I have no trouble recommending the KK trainer, but don't expect the power numbers to suddenly jump. If it helps over the past four seasons I've seen an almost immediate jump in power as soon as I get back outside in the spring and it's always been to a higher level than where I left off in the fall so that indoor work is doing something good even if the recorded power is a bit low.

Good luck,
-Dave
 
grahamspringett said:
Can anybody see any flaws in my great plan for DIY inertia adding?

Mainly the surface of the tyre would no longer be even and you'd get stuttering contact with the roller. There is also the distinct possiblity of rotational imbalance...

To do it right, you need to be able to store the same kinetic energy in the rotating rear wheel and flywheel as you would in your moving mass out on the road.
Generally a flywheel is better because it can be made to spin at many times the speed of the wheel, so that the same energy can be stored in far less rotating mass. The difficulty with this is that a flywheel would then need to be tailored to each rider's/bike's individual mass.

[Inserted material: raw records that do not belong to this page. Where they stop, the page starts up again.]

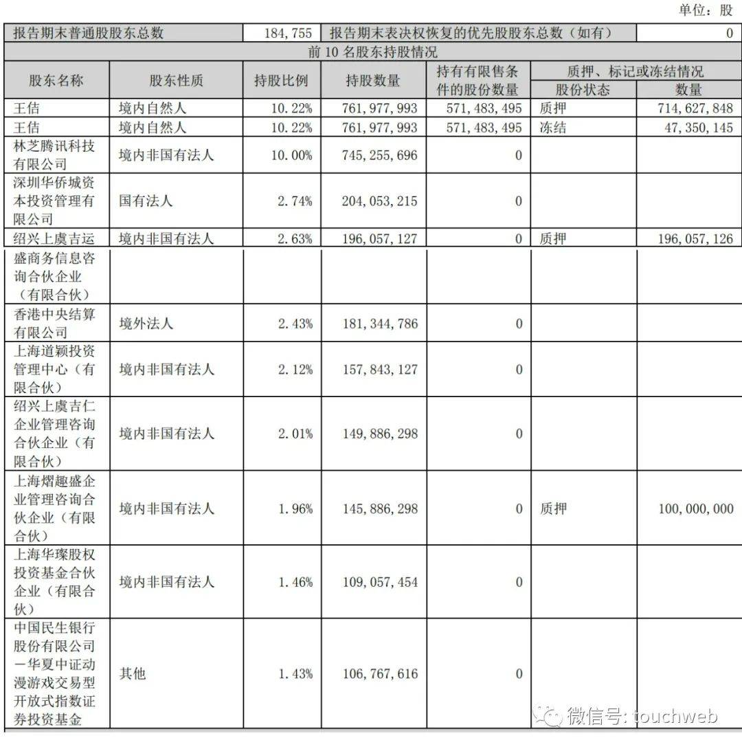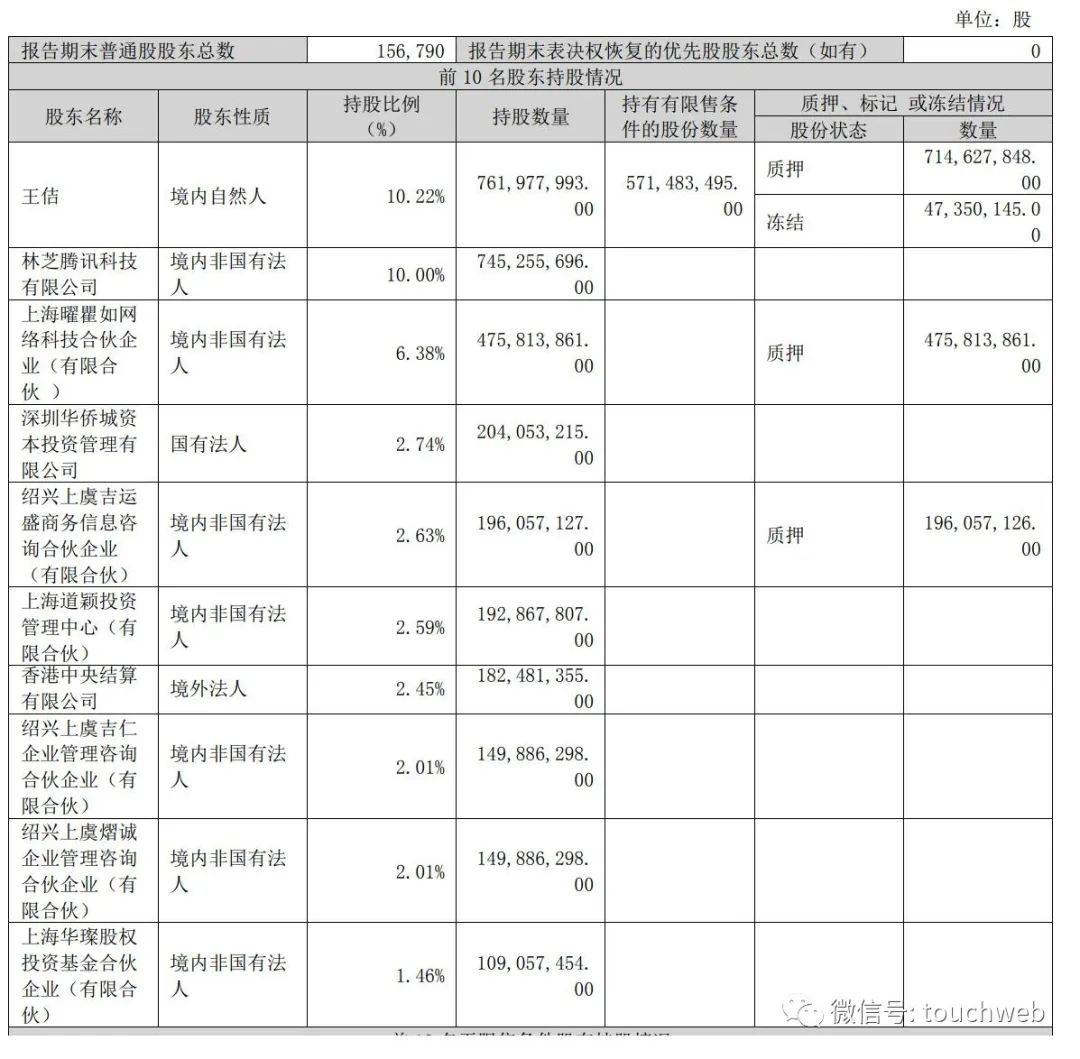 截至2023年9月30日,王佶直接持股10.22%,股权处于质押和被冻结的状态。腾讯持股为10%,深圳华侨城资本投资管理有限公司持股为2.74%,绍兴上虞吉运盛商务信息咨询合伙企业(有限合伙)持股2.63%;
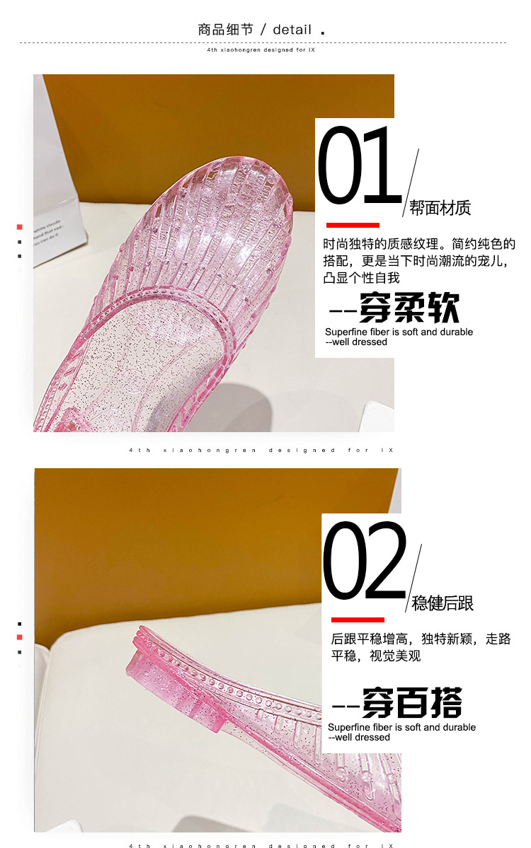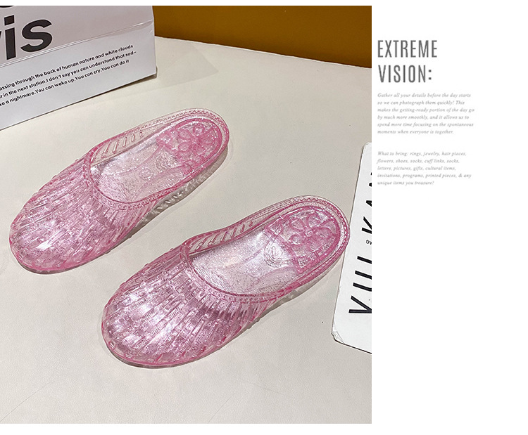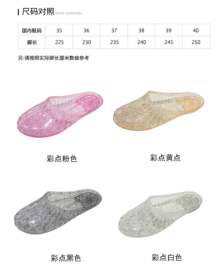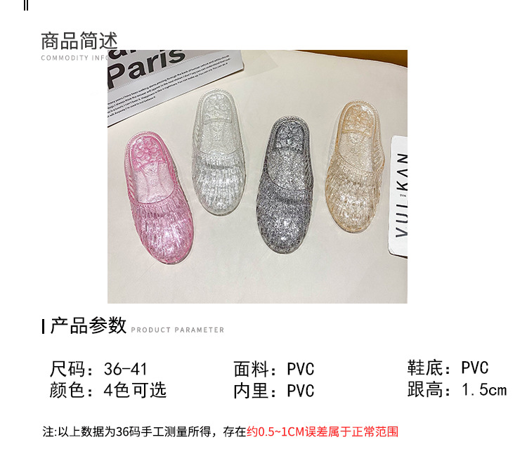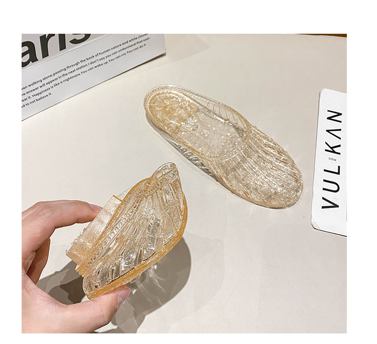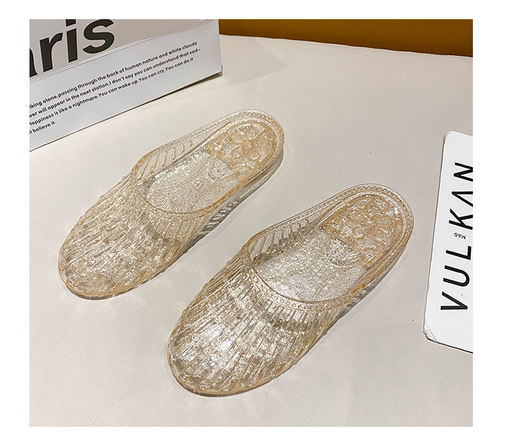여름 새로운 투명 플랫 바닥 바오터우 샌들 및 슬리퍼 외부 착용 미끄럼 방지 할로우 홀 신발 여성용 학생 크리스탈 하프 슬리퍼
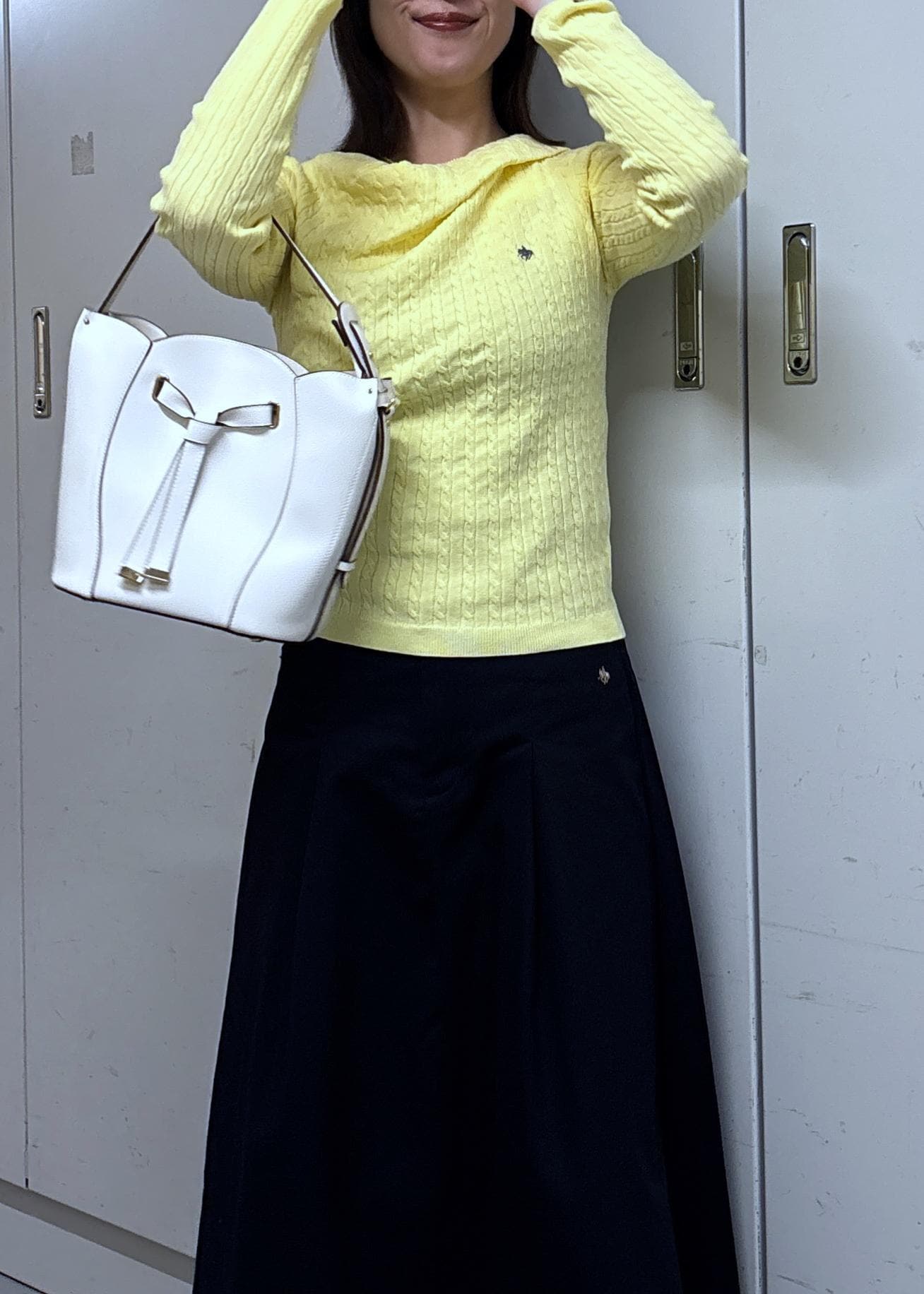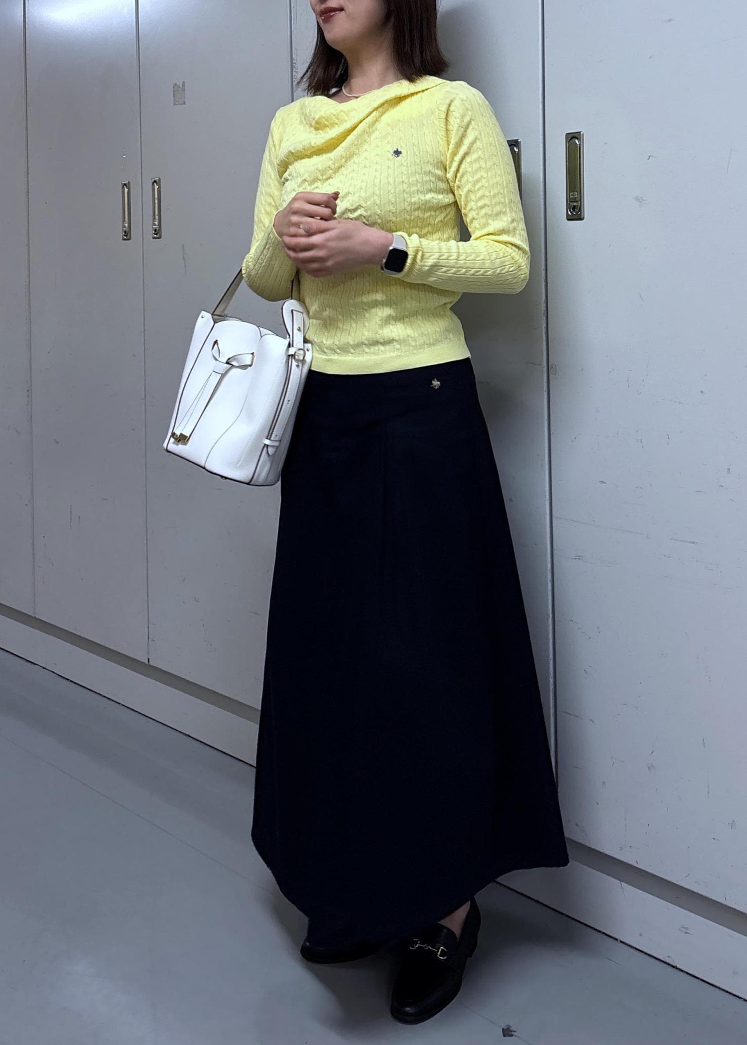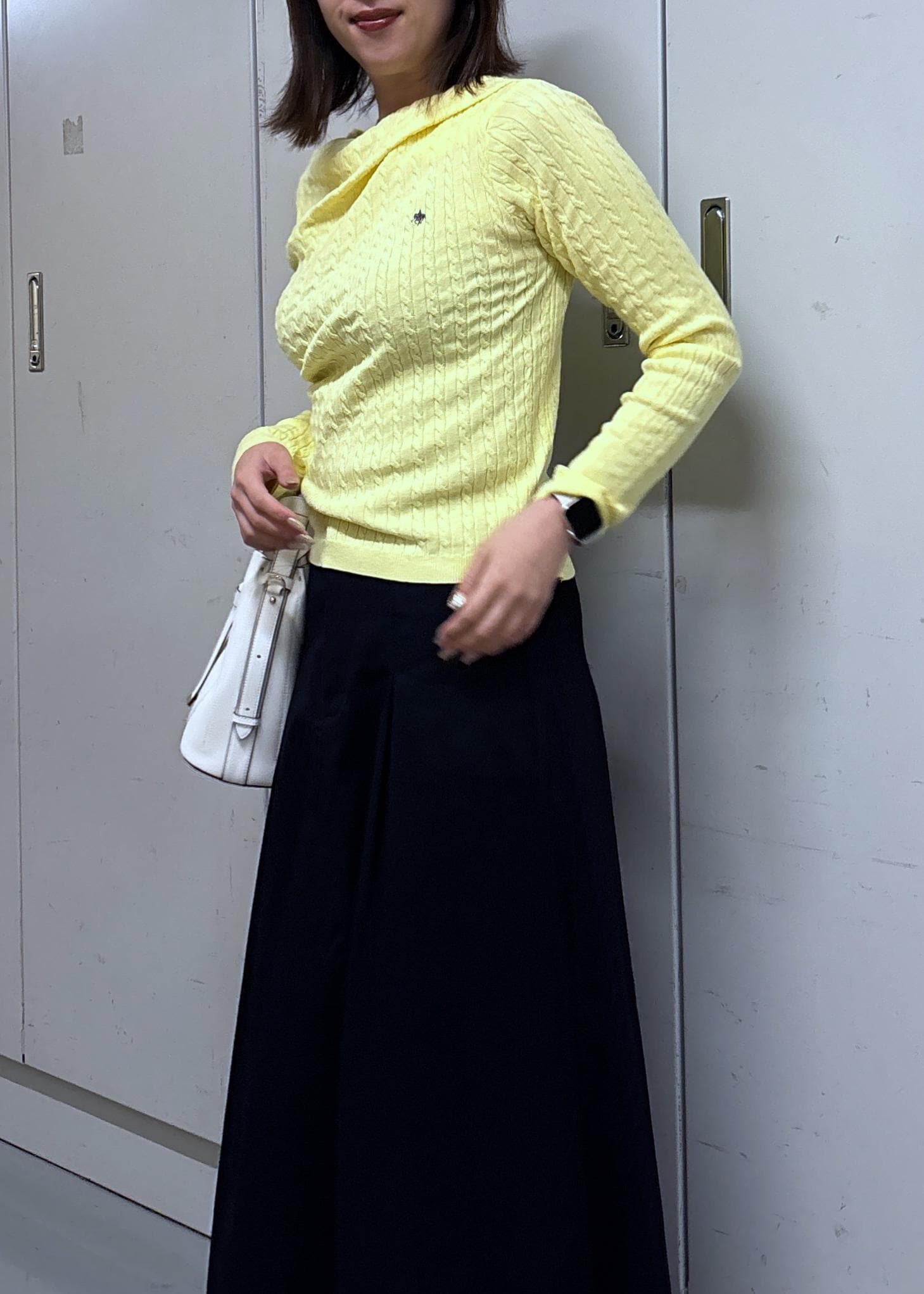 NEW!VIS【POLO BCS】ケーブルドレープトップス/WEB限定カラーイエロー / F¥6,930レビュー腰にかかるくらいの短めな丈ですが、ドレープのデザインが体のラインをカバーしてくれるので着やすいです。
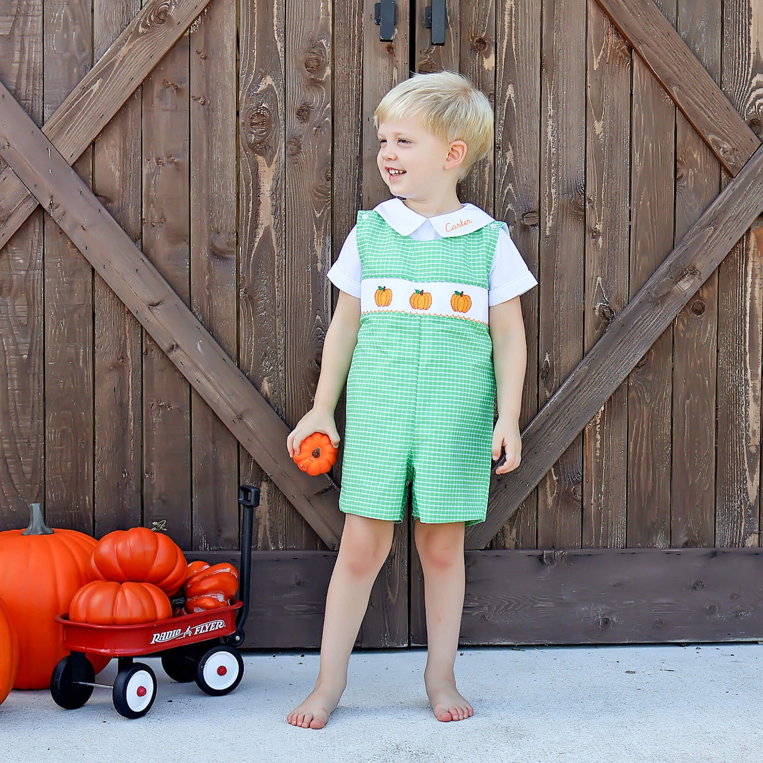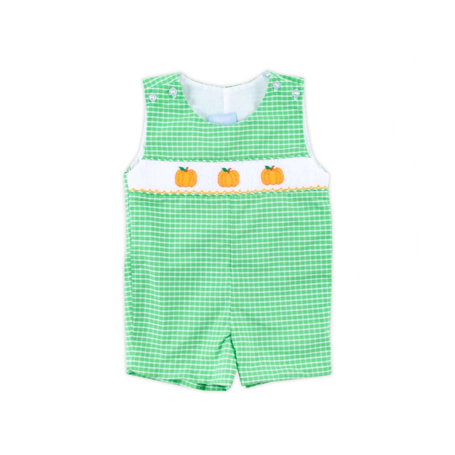 Pumpkin season is here, and your little one will be ready for all the fall fun in our Paradise Pumpkin Smocked Green Windowpane Jon Jon! Featuring sweet smocked pumpkins, this Jon Jon is perfect for pumpkin patch adventures and festive photo ops. Shoulder buttons and snaps in the stride make changes quick and easy!
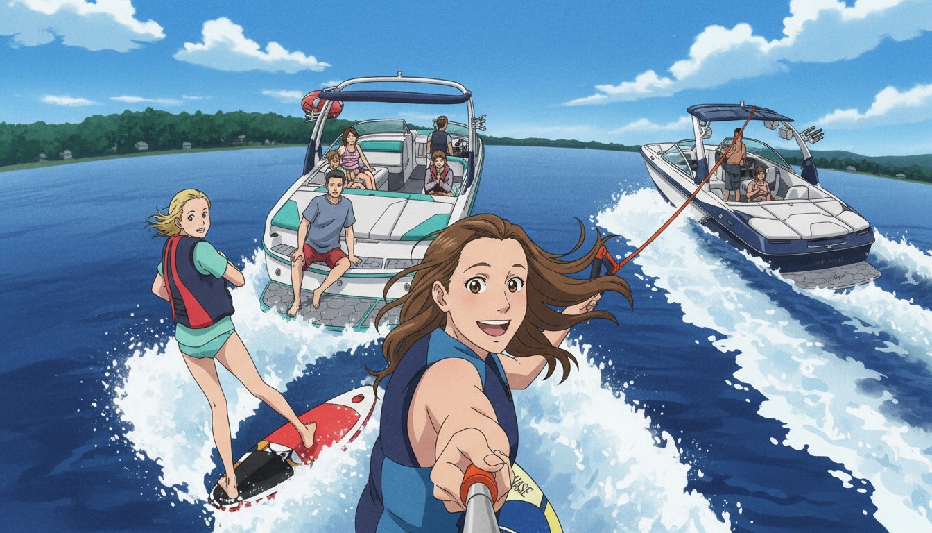 モータボートに引っ張られて水の上を滑走、最大5名まで同時に楽しめます。
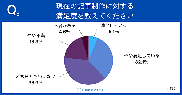 ニュートラルワークスは、「自社コラムやオウンドメディアなどの記事制作」に関する調査結果を発表した。これらを運営している企業に所属するビジネスパーソン130人が回答している。
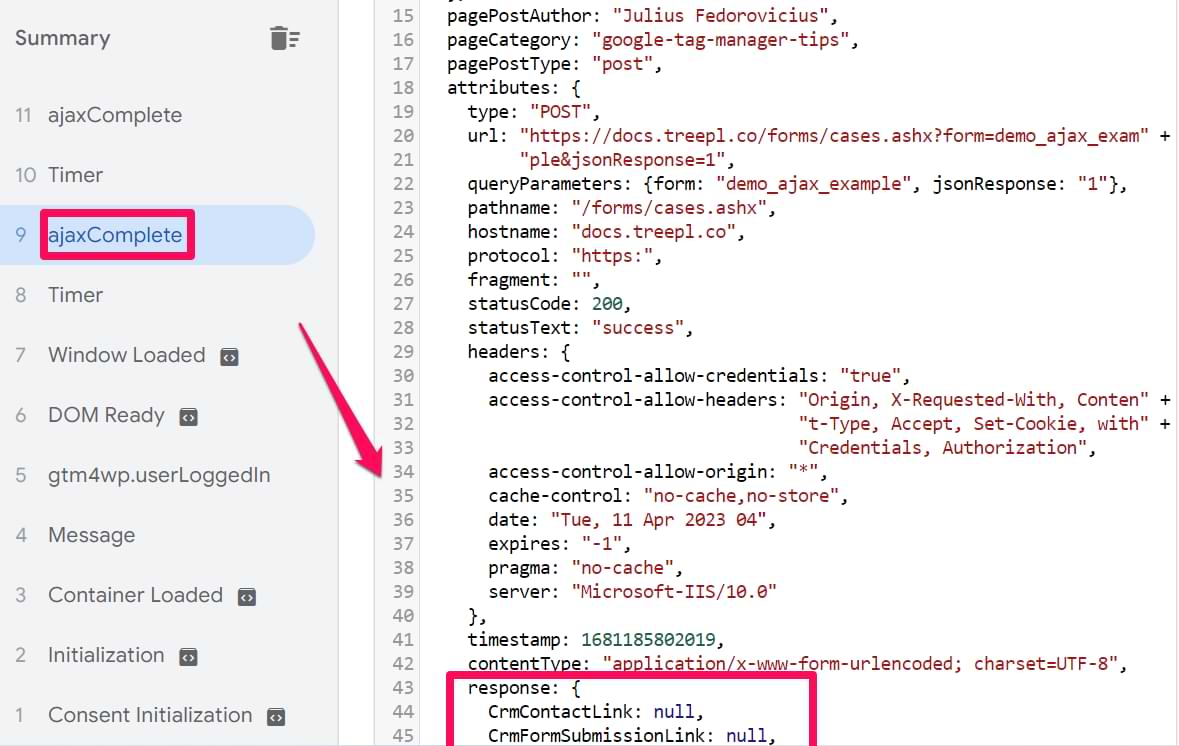 The custom HTML tag will fire on the Pageview event. Don’t worry about that. Now, try to submit the form again. Did the ajaxComplete event appear in the GTM preview mode? Yes? This means you’re working with an AJAX form.
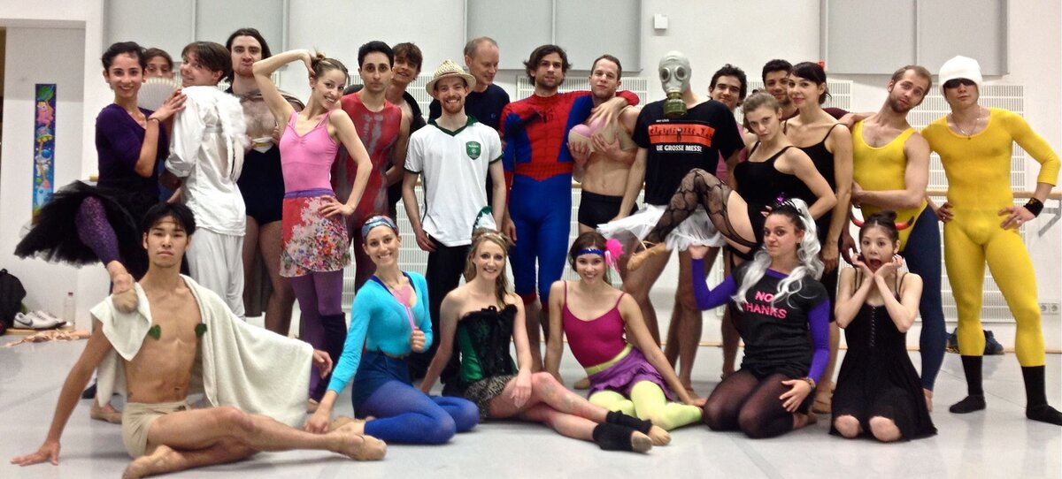 Недавно прошёл финал «Евровидения», там опять была Кончита Вурст. Да ещё и близится конец театрального сезона в Германии. И это напомнило мне сразу одну традицию в труппе Лейпцигского балета. Каждый последний балетный класс в сезоне (а мы классы делаем каждый день) мы завели традицию наряжаться во что-то весёлое и экстраординарное. Так мы отмечали начало отпуска и просто веселились. По сути это было как карнавал. А в 2014 году победа Кончиты Вурст была у всех на слуху. И мне ничего более яркого в голову не пришло, как одеться Кончитой. Оставалось только воплотить это на уроке. Даже взял парик у гримёров. Костюм ребятам не показывал и в последний момент в образе зашёл в зал. Поржали тогда на славу. Ребята тоже кто во что горазд. Костюмы делали из подручных средств и своей репетиционной формы. Даже педагоги участвовали. Это в какой-то степени объединяет коллектив и руководство. Хотя и без этого были хорошие отношения в труппе. Все такие уроки уже просто прикол, чем занятия. Больше

In general the flywheels on most trainers are still too light.
 
tafi said:
Generally a flywheel is better because it can be made to spin at many times the speed of the wheel, so that the same energy can be stored in far less rotating mass.

Yes.... this. You'd be much better off crafting some kind of extra flywheel for the trainer rather than adding weight to the wheel.

Something else you might try if your trainer has an adjustable resistance setting, is running your trainer at a lower resistance setting and compensating for that by running your bike wheel at a higher speed (higher gear). By spinning the trainer faster it will have more inertia without modification, and by reducing the resistance setting you can be at the same power as before.

In either case, expect the difference to be small.
 
frenchyge said:
By spinning the trainer faster it will have more inertia without modification.

Be careful! Inertia does not vary with speed. Only the energy stored in the flywheel does.

I think you might run out of gears with current trainers before you reach "realism".

Check out the "BT Training System" Has a nice big fan in it which should double as something of a flywheel (though how much I have no idea).
 
tafi said:
Be careful! Inertia does not vary with speed. Only the energy stored in the flywheel does.

Touche`. Probably not the right word, although the principle still fits. Having a higher speed (more energy) and lower frictional force (less energy drain) does reduce the tendency for the wheel to slow down and produces an inertial effect. Inertial loading is a term I've heard to describe the difference in pedalling feel associated with either greater flywheel mass *or* use of higher gearing/lower resistance to increase wheel speed at constant power.




tafi said:
I think you might run out of gears with current trainers before you reach "realism".

Definitely, but it's worth pushing as far as possible before buying a new trainer or adding lead to the wheel. :)
 
You could try pumping the tube / tire full of water to add a bit of weight. If you keep the valve stem at the highest point you can vent out the air as you add water. That could add almost 1 KG of weight depending on your tire size.

The challenge would be filling up the tube.
 
Having now looked at the Kurt website, the separable flywheels on the "PRO" resistance unit look interesting.

Can anyone tell me what the dimensions of the flywheel parts are?

It looks like the small "6lb" one is a solid disk (I'd need the thickness and diameter of this) and the larger "12lb" flywheel has a recess to fit the smaller one inside (I'd need the width and diamter of the flywheel and the depth and diameter of the recess).

Then it's easy to determine the moment of inertia.